Unnamed: 0,names,scores
0,Xavier,100.0
1,Michael,9.0
2,,


In [446]:
# code here
"""
df_test2.names=df_test2.names.fillna("NoName")
what_i_adds=pd.DataFrame({"names":"NoName"}, index=[0])
what_i_adds=what_i_adds.append(df_cat)
josh=pi.make_pipeline(pp.OrdinalEncoder())
josh.fit_transform(what_i_adds)

ne marche pas car il faut fit un modèle contement tout les noms
"""
full_pipeline.transform(df_test2)

ValueError: Input contains NaN

*Answer here*
no i didn't implement any method to fill nan value in names. i need to fit a different
I'll have either to remove nan line, or filling it with a standrasize method in order to keep a count

# Customised Transformers

In order to create custom transformers we must write our own class. It takes the form below. Try running `fit_transform()` on the dataframe `df_num2` below. What happens?

In [403]:
# we must import these
from sklearn.base import BaseEstimator, TransformerMixin

class DontChangeAnything(BaseEstimator, TransformerMixin):
    def __init__(self):
        pass
    def fit(self, X, y=None):
        return self
    def transform(self, X):
        return X

    

In [453]:
# code here
DontChangeAnything().fit_transform(df_num2)


Unnamed: 0,scores
0,1
1,2
2,3
3,1
4,2
5,3


*Answer here*
it changes nothing

Now try using only `fit()`. What happens? Why?

In [465]:
# code here
DontChangeAnything().fit(df_num2).fit(df_num2).fit(df_num2).fit(df_num2)


DontChangeAnything()

*Answer here*

I get the same object.

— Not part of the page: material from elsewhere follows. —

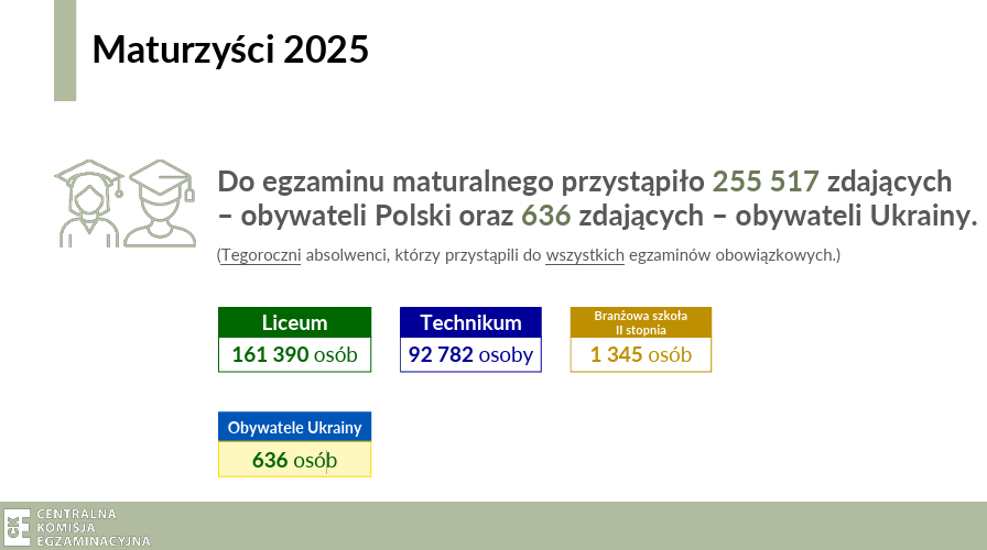 Do egzaminu maturalnego przystąpiło 255 517 zdających – obywateli Polski oraz 636 – obywateli Ukrainy w tym:

Since fit returns the same object

Make a copy of the transformer class above. Edit it to return the `.describe()` of the dataframe only.

In [468]:
# code here
class Describation(BaseEstimator, TransformerMixin):
    def __init__(self):
        pass
    def d(self, X, y=None):
        return X.describe()

Describation().d(df_num2)    

Unnamed: 0,scores
count,6.0
mean,2.0
std,0.894427
min,1.0
25%,1.25
50%,2.0
75%,2.75
max,3.0


# Edit your own custom transformer

Copy the `DontChangeAnything` transformer. Assuming that its input will be a numpy array - edit it so that the numpy array is put into a dataframe which is returned. Test it on the array data below. 

In [471]:
array = np.array(df_test2)
array

array([['Xavier', 100.0],
       ['Michael', 9.0],
       [nan, nan]], dtype=object)

In [473]:
# code here
class Convert(BaseEstimator, TransformerMixin):
    def __init__(self):
        pass
    def conv(self, X, y=None):
        return pd.DataFrame(X)
Convert().conv(array)

Unnamed: 0,0,1
0,Xavier,100.0
1,Michael,9.0
2,,


##### Congratulations! You have reached the end of this notebook! At this point you should be able to use Transformers and Pipelines to tackle new exercises!